The BDV Reference Model (BDV SRIA, European Big Data Value Strategic Research and Innovation Agenda, Version 4.0, October 2017) has been developed by the BDVA, taking into account input from technical experts and stakeholders along the whole Big Data Value chain, as well as interactions with other related PPPs. The BDV Reference Model may serve as a common reference framework to locate Big Data technologies on the overall IT stack. It addresses the main concerns and aspects to be considered for Big Data Value systems. The BDV Reference Model distinguishes between two different elements. On the one hand, it describes the elements that are at the core of the BDVA; on the other, it outlines the features that are developed in strong collaboration with related European activities.

bdva


The BDV Reference Model is structured into horizontal and vertical concerns.

  • Horizontal concerns cover specific aspects along the data processing chain, starting with data collection and ingestion, and extending to data visualisation. It should be noted that the horizontal concerns do not imply a layered architecture. As an example, data visualisation may be applied directly to collected data (the data management aspect) without the need for data processing and analytics.
  • Vertical concerns address cross-cutting issues, which may affect all the horizontal concerns. In addition, vertical concerns may also involve non-technical aspects.
It should be noted that the BDV Reference Model is compatible with the emerging ISO JTC1 WG9 Big Data Reference Architecture.
  • Develops data processing tools and techniques applicable in real-world settings, and demonstrates significant increase of speed of data throughput and accessibility;
  • Releases a safe environment for methodological big data experimentation, for the development of new products, services, and tools;
  • Develops technologies that increase the efficiency and competitiveness of all EU companies and organisations that need to manage vast and complex amounts of data;
  • Offers tools and services for fast ingestion and consolidation of both realistic and fabricated data from heterogeneous sources;
  • Facilitates simultaneous batch and real-time processing of Big Data;
  • Offers enhancement of real–Time Data with batch (historical) Data – off–loading of Compute intensive Operations to GPUs – parallel Processing of many Input and heterogeneous Channels;
  • Provides a pool of algorithms from traditional ETL/aggregation algorithms to graph processing;
  • Extends Big Data runtimes and tools to support fast and scalable data analytics;
  • Takes advantage of in-database computation, indexing and filtering and improves programmer’s productivity through simple interfaces and a sequential programming paradigm;
  • Develops a distributed large-scale framework for powerful and scalable Data Processing;
  • Promotes management of heterogeneous and federated infrastructures including Cloud and GPU resources and orchestration across diverse resource providers;
  • Integrates infrastructure elasticity capabilities offered by COMPs and Hecuba runtime environments;
  • Automatizes and save resources (cost & time), and move procedures which could require human interaction to automated procedures, minimizing costs (money & time) and in some cases even human error.

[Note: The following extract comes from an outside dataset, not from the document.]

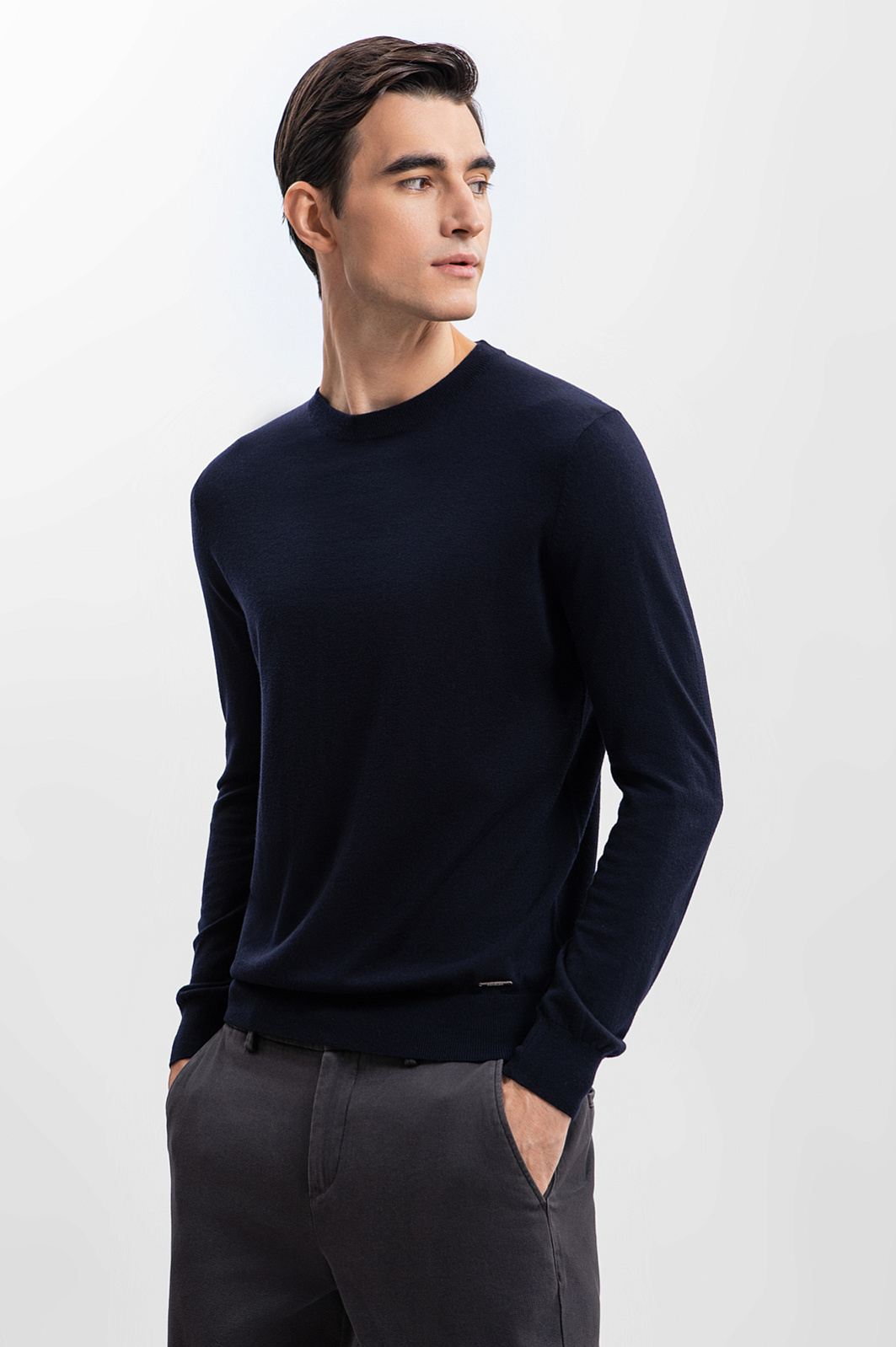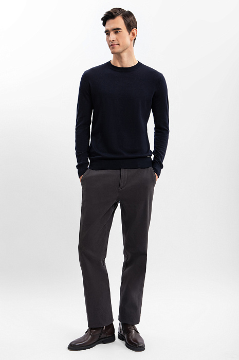 Роскошный джемпер KANZLER с круглым вырезом из шерсти с кашемиром — основа образов в стиле кежуал, умный кежуал и спорт. Отличную посадку и прилегание обеспечивают мягкие трикотажные резинки на рукавах и по нижнему краю. Благородный натуральный материал бережет тепло тела и защищает от температурных перепадов — в джемпере комфортно находится на улице и в офисе. Упругие волокна шерсти не дают ткани сминаться. Ценный кашемир придает материалу нежность и мягкость. Параметры модели: рост 192, 101-76-97 Размер на модели: M

  • Enables telecom companies to process immense amount of data which are constantly being produced by their customers. This processing allows the extraction of critical learnings about customer behavior and system performance, and enables the allocation of appropriate resources where needed, for better optimization and resource utilization.

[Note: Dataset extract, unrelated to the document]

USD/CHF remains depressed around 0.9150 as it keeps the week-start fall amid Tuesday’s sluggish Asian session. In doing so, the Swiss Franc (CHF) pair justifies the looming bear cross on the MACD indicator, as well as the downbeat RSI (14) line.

  • Enables better system maintenance, and predictive resource allocation, thus reducing customer churn and complaints.
  • Probes customers for new products and markets, and the availability of big data during such explorations can be useful for proving preliminary efforts worthy of further investment or abandoning such efforts when proven non-promising.
  • Introduces real-time big data analytics processing in plant floor (e.g. car manufacturing)